ALS Study Results Clear Way to Test Utreloxastat on Patients | ALS...

Utreloxastat, an investigational therapy for ALS, was safe and displayed promising pharmacological properties in study of healthy people.

alsnewstoday.com

"...The nerve cells that control muscle movement, called motor neurons, are lost in ALS, leading to symptoms of muscle weakness that affect motor function, speaking, swallowing, and eventually, breathing. A central mechanism behind motor neuron loss is oxidative stress — cell damage caused by an excess of highly reactive oxygen-containing molecules generated by normal cellular processes. Oxidative stress increases the production of an enzyme called 15-lipoxygenase (15-LO), triggering several processes known to contribute to motor neuron death. Utreloxastat is designed to block the action of 15-LO, reducing further oxidative stress, preventing motor neuron death, and slowing or preventing disease progression.

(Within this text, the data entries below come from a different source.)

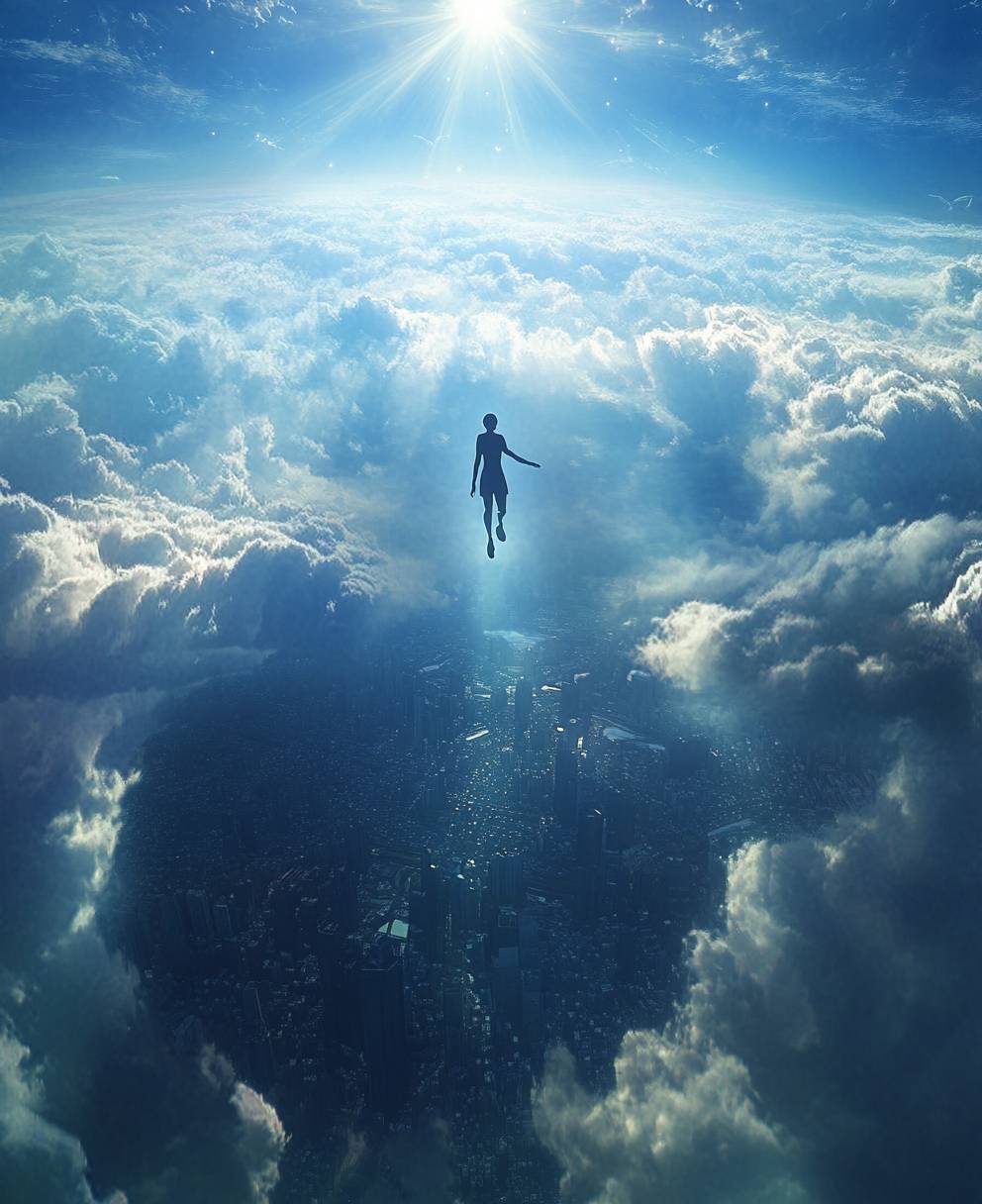 Une personne flottant dans le ciel, entourée de nuages et d'un paysage urbain.
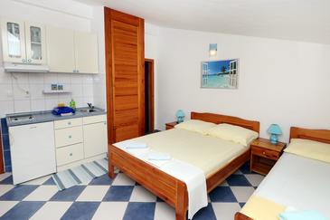 Appartamento può accogliere 4 ospiti. I letti sono disposti nelle camere da letto che sono 1, e nella camera di soggiorno, su 32m2. Gli ospiti hanno a disposizione il proprio balcone per godere delle calde serate estive. Dall'appartamento si gode di una vista sul mare. Si può preparare il cibo utilizzando il barbecue comune. Nell'unità di alloggio si possono portare gli animali domestici con un pagamento supplementare.
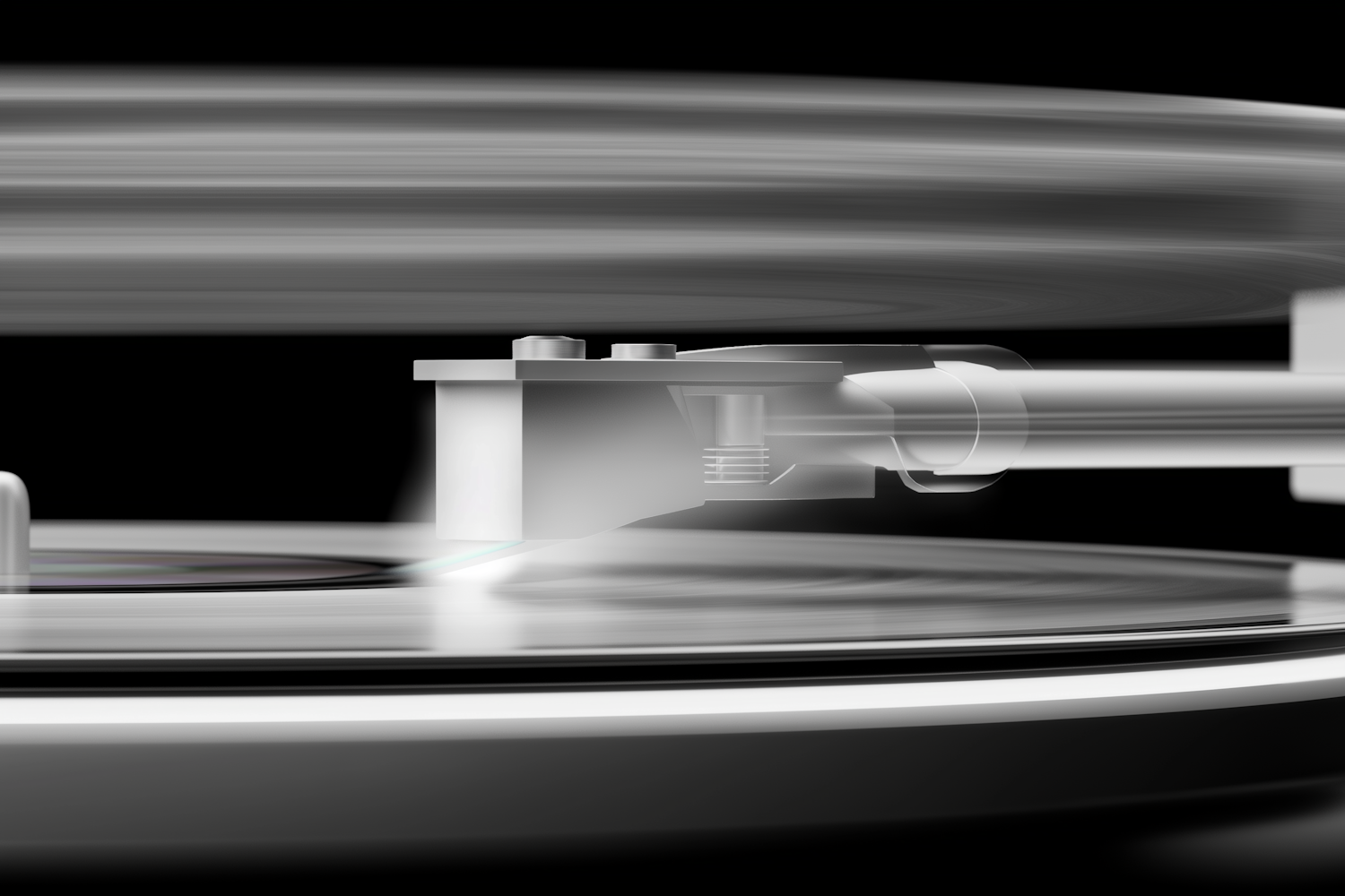 Close-up of a turntable stylus playing a spinning vinyl record, showcasing the sleek design and dynamic motion of the setup.
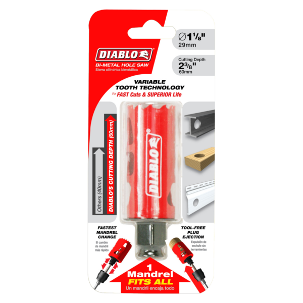 Diablo’s new, high-performance Bi-Metal Hole Saws deliver faster cutting performance and increased productivity. Unlike anything on the market, Diablo’s hole saw system and mandrel design simplify the attachment process for fast and efficient hole saw mounting. These radical new hole saws provide ultimate cutting length to bore deeper holes in a single pass, tool-free plug ejection and Variable Tooth Design for faster cuts.

So far, promising preclinical studies in multiple animal models have supported the therapy’s further evaluation in human clinical trials."

 

[GTW]

Desaturase and elongase enzymes don't generate PUFA? Surprising news.
And biochemistry holds that particular cell membrane PUFA are essential for life. More paradoxes!

 

[Sitaruîm]

Desaturase and elongase enzymes don't generate PUFA? Surprising news.
And biochemistry holds that particular cell membrane PUFA are essential for life. More paradoxes!

What about the enzymes delta 6 and delta 5 desaturase?

 

[mostlylurking]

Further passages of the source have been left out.